Other places I see the “bound by statistics” problem is in healthcare, criminal proceedings, racist rhetoric, and identity politics.

skybrian

People sometimes talk about this as “taking the outside view” or “reference class forecasting.” [1] It doesn’t work when there are important differences between the case being considered and other members of the reference class. Nationwide statistics are especially zoomed-out and there are going to be a lot of people in the same country who are quite different from you. Worldwide statistics are even worse.

It doesn’t mean the statistics are wrong, though. If there is a 70% chance of failure, there’s also a 30% chance of success. But it’s subjective: use a different reference class and you’ll get a different number.

The opposite problem is also common: assuming that “this time it’s different” without considering the reasons why others have failed.

The general issue is overconfidence and failure to consider alternative scenarios. The future isn’t known to us and it’s easy to fool yourself into thinking it is known.

[1] https://en.m.wikipedia.org/wiki/Reference_class_forecasting

yusina

I agree with your description, but the pizza place case is even simpler: Statistics don't guarantee future single sample properties. 70% fail in the first year. So, 30% don't. Why would it be surprising to see one that didn't? It would be surprising to see none that didn't fail. So, it's expected to see lots that don't fail, Pete's being one of them.

zmgsabst

It’s not even surprising without knowing about Pete: the newspaper isn’t going to publish the many that failed, so their own selection bias is the dominant effect. Even if we take the probability of the group to be the probability of individuals, eg, rolling dice (“1 in 6 people rolls a 4!”).

Lots of them opened, of them 70% failed, and one who didn’t happened to be named Pete.

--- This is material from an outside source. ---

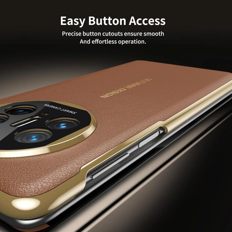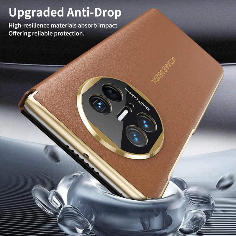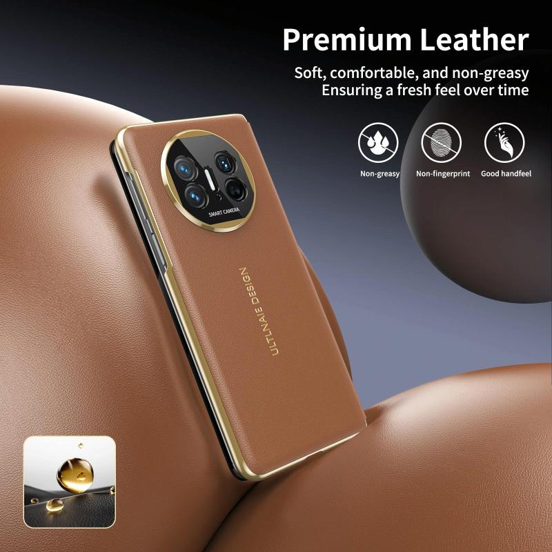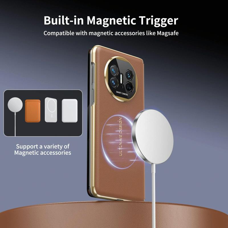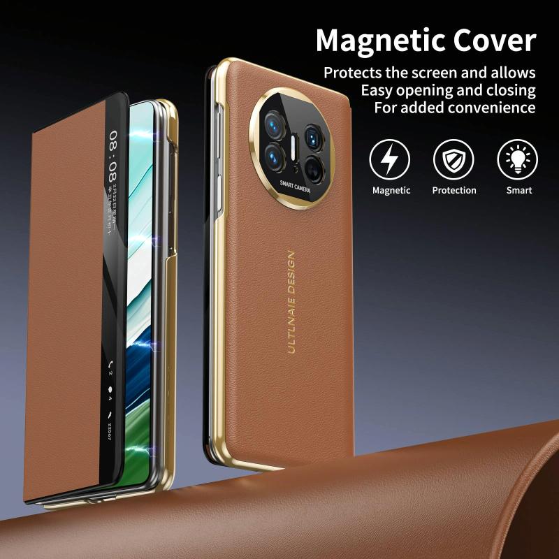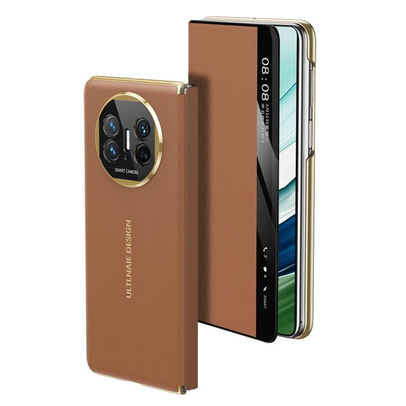 For Huawei Mate X5 Gold Flip Fold Smart Window MagSafe Leather Phone Case(Brown)
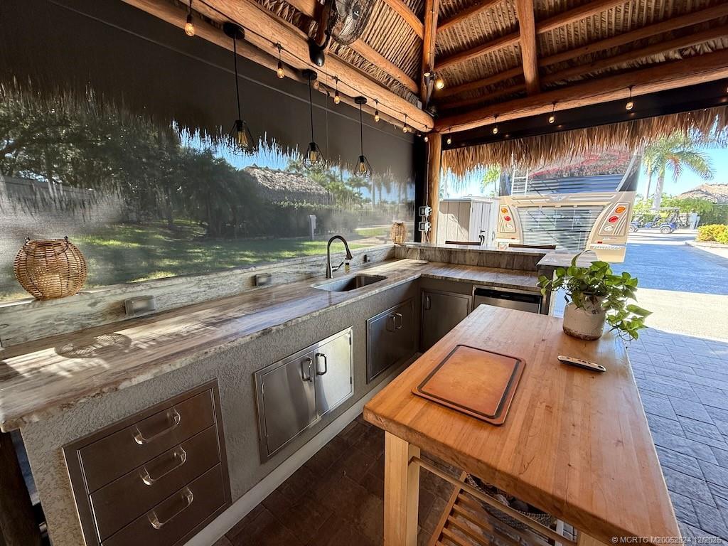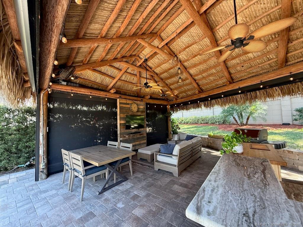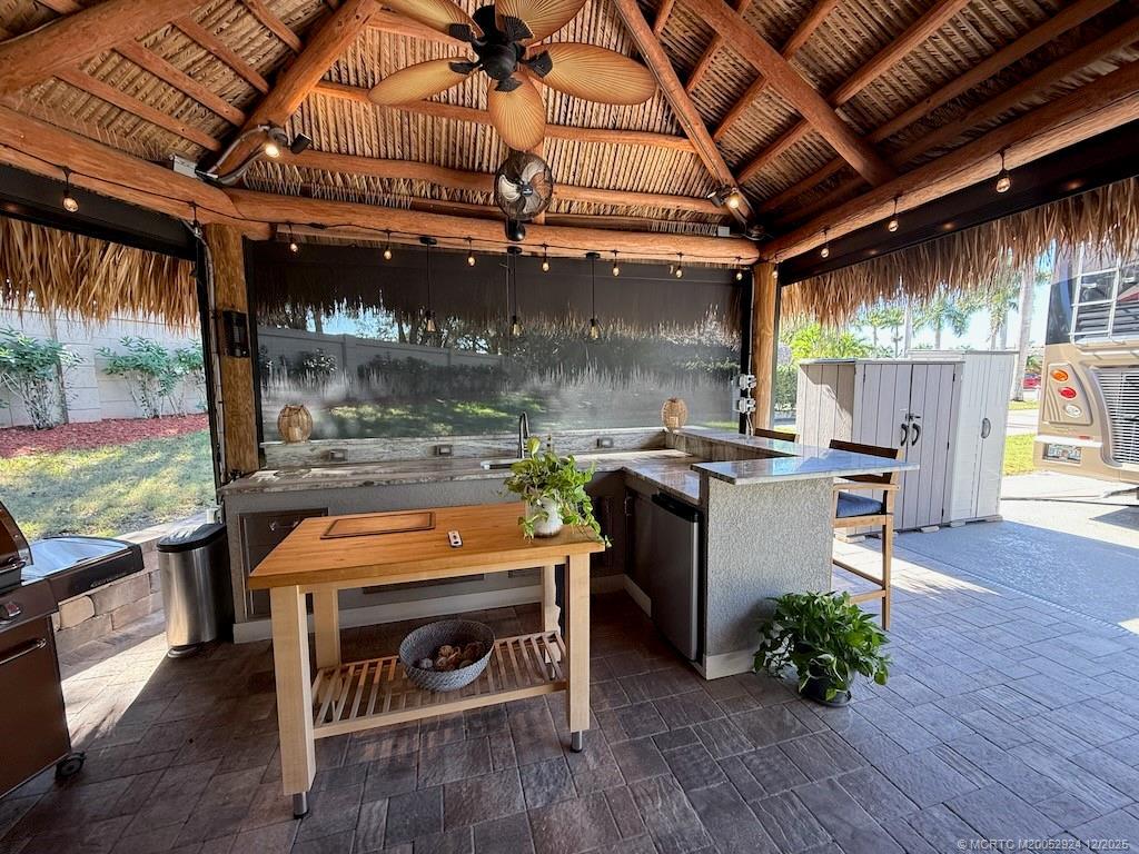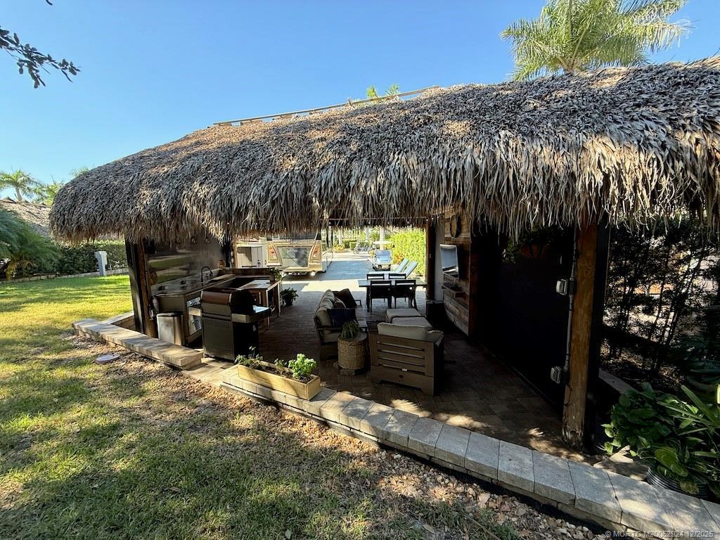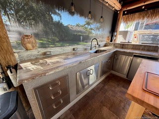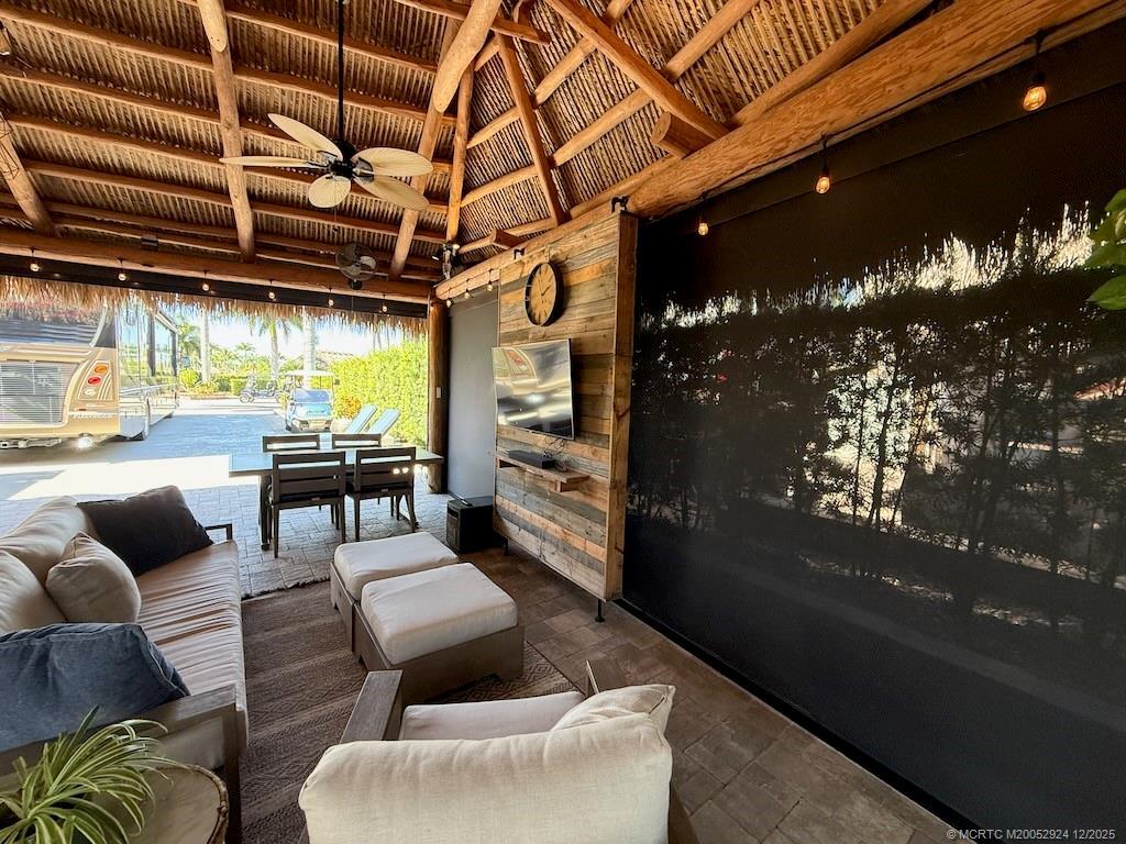 Luxury RV Lot with Eхpаnsіve Tіki and Designer Upgradеs! Εxperience resort-style living at its finest on this spacious 2,868 sq. ft. lot surrounded by lush, mature landscaping and enhanced with upgraded landscape lighting that beautifully highlights your outdoor oasis. The expansive tiki hut is designed for both relaxation and entertaining, featuring a granite-topped kitchen, refrigerator, grill, water heater, and a custom maple island for added style and functionality. Inside the tiki, enjoy a dedicated entertainment wall with a flat-screen TV, comfortable sofa and chairs with ottomans, and a spacious dining area—perfect for gatherings or quiet evenings. Motorized screens allow you to enjoy the outdoors in comfort, while storage sheds provide convenient space for all your extras. Beautifully landscaped, move-in ready, and meticulously maintained, this property captures the essence of luxury motorcoach living—the perfect blend of comfort, style, and Florida charm! New thatch Dec 2025.

No more interesting than “Pete rolled a 4!” even though 83% of people don’t.

skybrian

If a newspaper only publishes surprising results, but it’s unsurprising when they appear in the newspaper, then you’ve set up a paradox: a set that only contains nonmembers.

I don’t think it’s valid to define “surprising” in such a self-referential way. When something unusual appears in the news, that doesn’t make it common. The probabilities are different before and after applying a filter.

yusina

If 99.9% fail and you see one that didn't, then would it be surprising that it didn't? No! It's not 100%, so there must be some example. For that one it's not surprising.

More precisely, it's not surprising that one exists. It may be surprising that this particular one survived, just as it wouldbe surprising that it's my neighbor who wins the lottery next week. But it's likely that somebody will, so if somebody has won, it won't be a surprise that somebody did.

nemomarx

It doesn't make it a common outcome overall, but it makes it a common outcome for it to appear in the newspaper, right? It's just different meanings of "common".

zmgsabst

I didn’t say that, nor use any self-reference.

> When something unusual appears in the news, that doesn’t make it common.

This in particular isn’t even close to what I said, which was: rare events can be unsurprising in large datasets — as is the case with both dice rolls and restaurants succeeding.

steveBK123

People are also very even worse with conditional probabilities

NoTranslationL

This is a tough problem. I’m working on an app called Reflect [1] that lets you analyze your life’s data and the temptation to draw conclusions from charts and correlations is strong. We added an experiments feature that will let you form hypotheses and it will even flag confounding variables if you track other metrics during your experiments. Still trying to make it even better to avoid drawing false conclusions.

[1] https://apps.apple.com/us/app/reflect-track-anything/id64638...

singularity2001

what's very fascinating in general is that causality is a difficult mathematical concept which only a tiny fraction of the population learns yet everyone is talking about it and "using it"

we do have a pretty good intuition for it but if you look at the details and ask people what is the difference between correlation and causality and how do you distinguish it things get rabbit holey pretty quick

null

[deleted]

qixv

You know, everyone that confuses correlation with causation ends up dying.